Thus we will formulate a general equilibrium model as a square system of weak

inequalities, each with an associated non-negative variable. This is referred to as a

complementarity problem in mathematics, and the associated variables are referred to as

complementary variables.

Software other than that used here (GAMS and MPS/GE) generally do not allow the user

to solve complementarity problems, greatly limiting model formulation and the range of

comparative statics questions analyzed by the modeler.

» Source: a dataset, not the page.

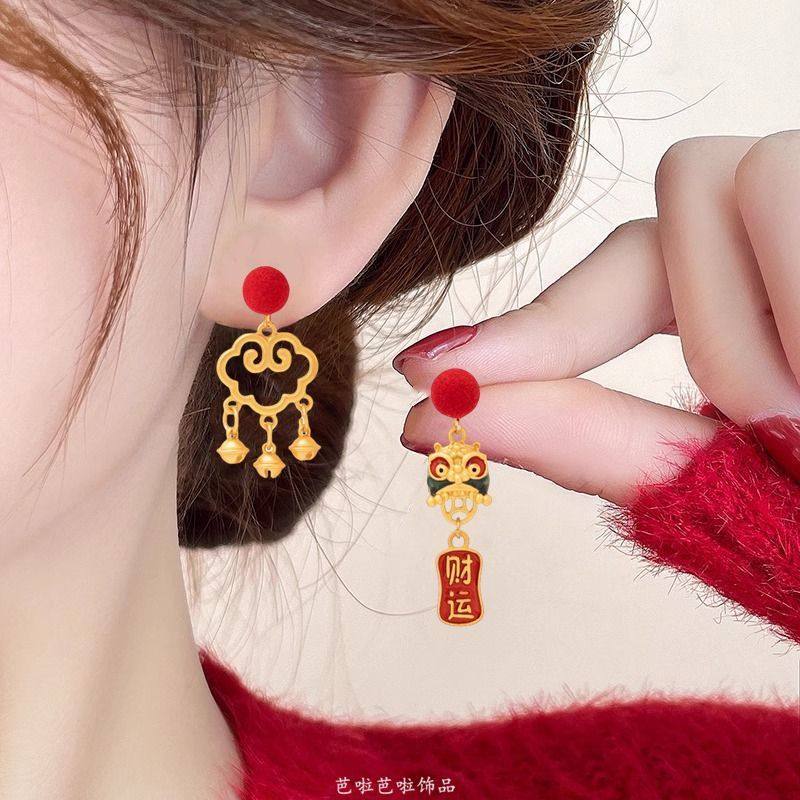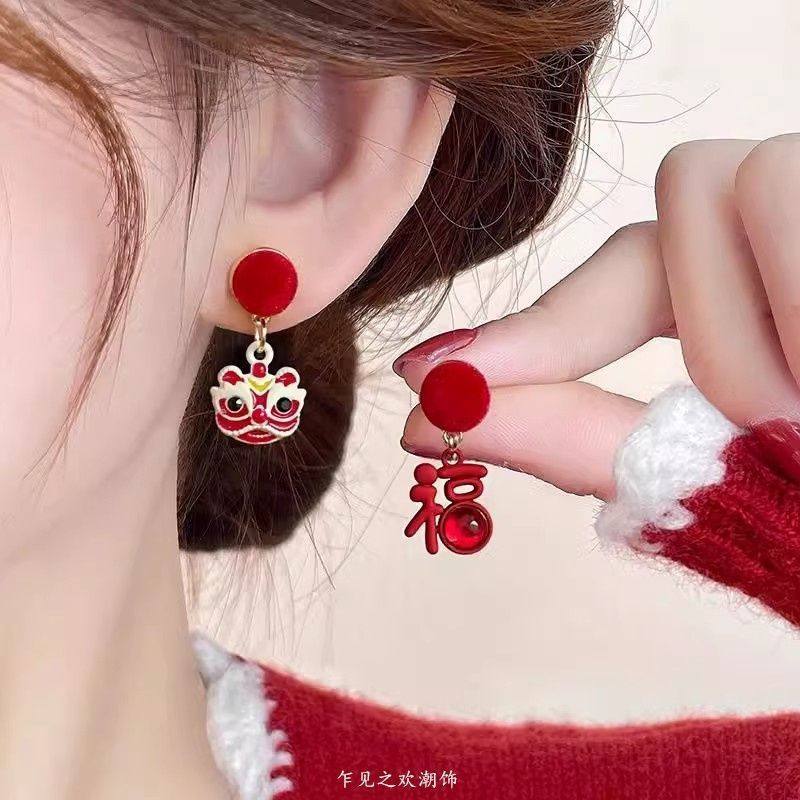 醒狮新年过年耳钉耳夹适合秋冬的红色耳环女小众独特气质高级耳饰

2. Steps in Applied General-Equilibrium Modeling

Here are the “normal” steps in applied general-equilibrium modeling.

(1)

Specify dimensions of the model.

•

Numbers of goods and factors

•

Numbers of consumers

•

Numbers of countries

•

Numbers of active markets

(2)

Chose functional forms for production, transformation, and utility functions; specification

of side constraints.

•

Includes choice of outputs and inputs for each activity

•

Includes specification of initially slack activities

(3)

Construct micro-consistent data set.

•

Data satisfies zero profits for all activities, or if profits are positive, assignment of

revenues

•

Data satisfies market clearing for all markets

(4)

Calibration – parameters are chosen such that functional forms and data are consistent.

•

By “consistent” we mean that the data represent a solution to the model

(5)

Replication – run model to see if it reproduces the input data.

(6)

Counter-factual experiments.

Steps (3) and (4) are not strictly speaking necessary. The software can be used for pure

simulation analysis, in which there initially is no data.

However, in learning the software, it is very valuable to start by writing down a micro-consistent

data set and then transform that into code such that the solution to the model reproduces the

initial data.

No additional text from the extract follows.